An explanation of the basics of deterministic encryption is here.
SaaS Shield’s implementation enhances the basic AES-SIV operations. We add functionality to further foil attempts to analyze encrypted data and extract information. The key used to encrypt each tenant’s data is different, so even if two tenants encrypt the same value for a particular field, the deterministically encrypted values will be different. We additionally provide the ability to use a different key for each individual field that is being deterministically encrypted. We provide tools to facilitate the rotation of keys while the data is live, so you don’t need to take the system offline to complete a key rotation.
Secrets
The basic element underlying deterministic encryption in SaaS Shield is the secret. Secrets are associated with KMS Configurations. A secret is randomly generated in the Tenant Security Proxy (TSP) when it is needed, and the secret’s value is encrypted using a tenant’s primary KMS configuration. The encrypted secret is escrowed by the Configuration Broker and distributed to TSPs when they start up. A TSP decrypts a secret (using the associated KMS configuration) when it is required for a deterministic encryption operation, and when the operation is complete, the TSP discards the decrypted secret.
Data Paths
When using the deterministic encryption APIs, the consumer needs to provide a data path along with the tenant ID. This path is essential to ensure that different keys are used to encrypt each data field (like a column in a relational database table or a property in an object). Using the same data path and tenant ID for each instance of that data field will cause the Alloy SDK to use the same key to encrypt that instance, which will allow you to search that field for occurrences of a specific value.

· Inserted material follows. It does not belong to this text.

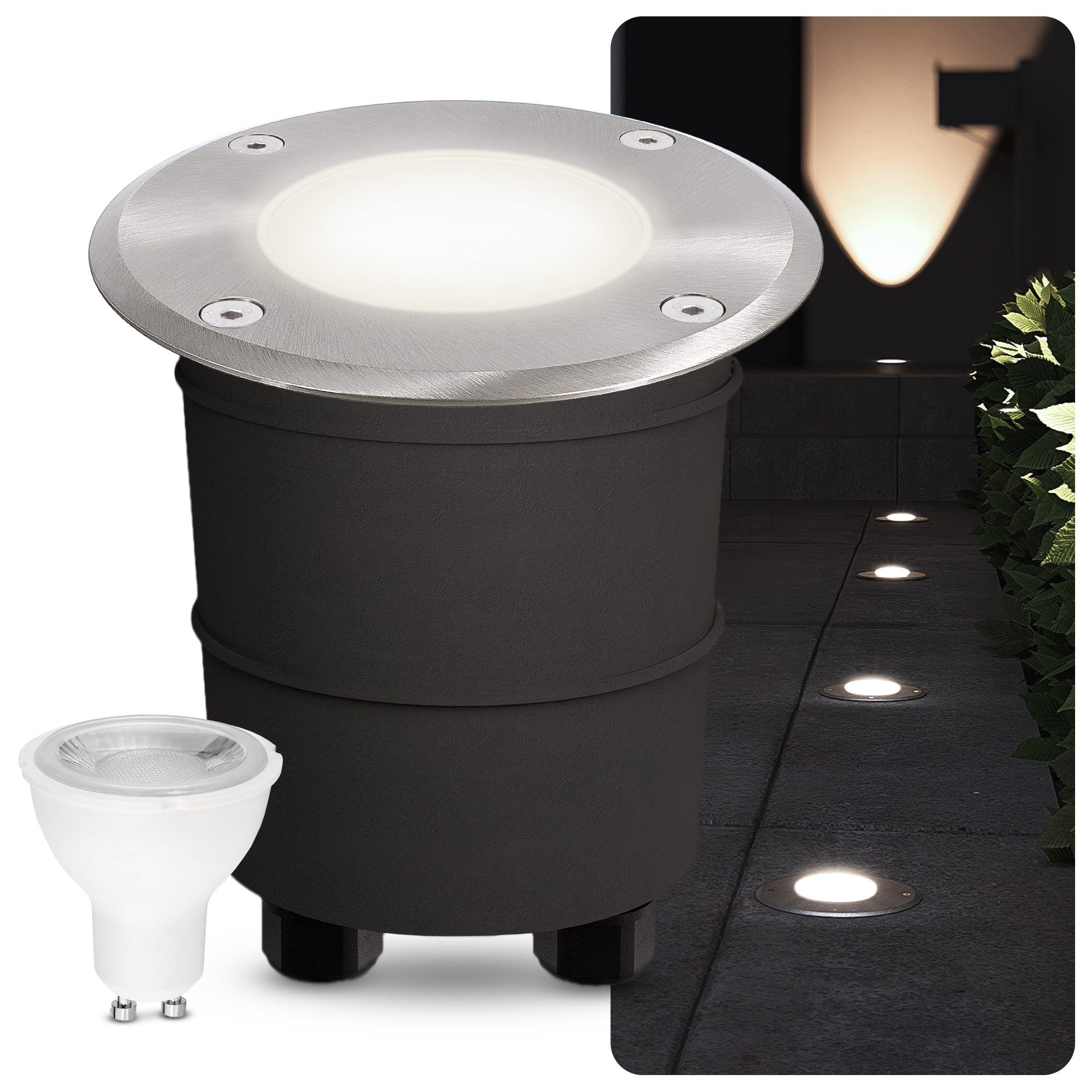 Lieferumfang | 1 Stück Bodeneinbaulampe MARNE rund-1 Stück LED Leuchtmittel GU10 dimmbar 5W neutralweiss- |

The data path consists of two parts, the secret path and the derivation_path. The TSP maintains a distinct secret for each unique combination of KMS configuration and secret path. That distinct secret is then combined with the derivation path to generate a final encryption key. The caller can decide how to split the data path to control the number of generated secrets. For example, you can generate a separate secret for every field by putting the entire data path in the secret path, or you can have a single secret for each KMS configuration by putting the entire data path in the derivation path.
There are tradeoffs to consider. If a secret must be rotated, all data encrypted with that secret must be re-encrypted, which can be a drawback when using a single secret for the KMS configuration. Managing more secrets will affect pricing, so having a separate secret for each field might not be desirable. A balanced approach could be specifying the object/type/table name in the secret path and the field/property/column name in the derivation path (if multiple fields for the type require deterministic encryption).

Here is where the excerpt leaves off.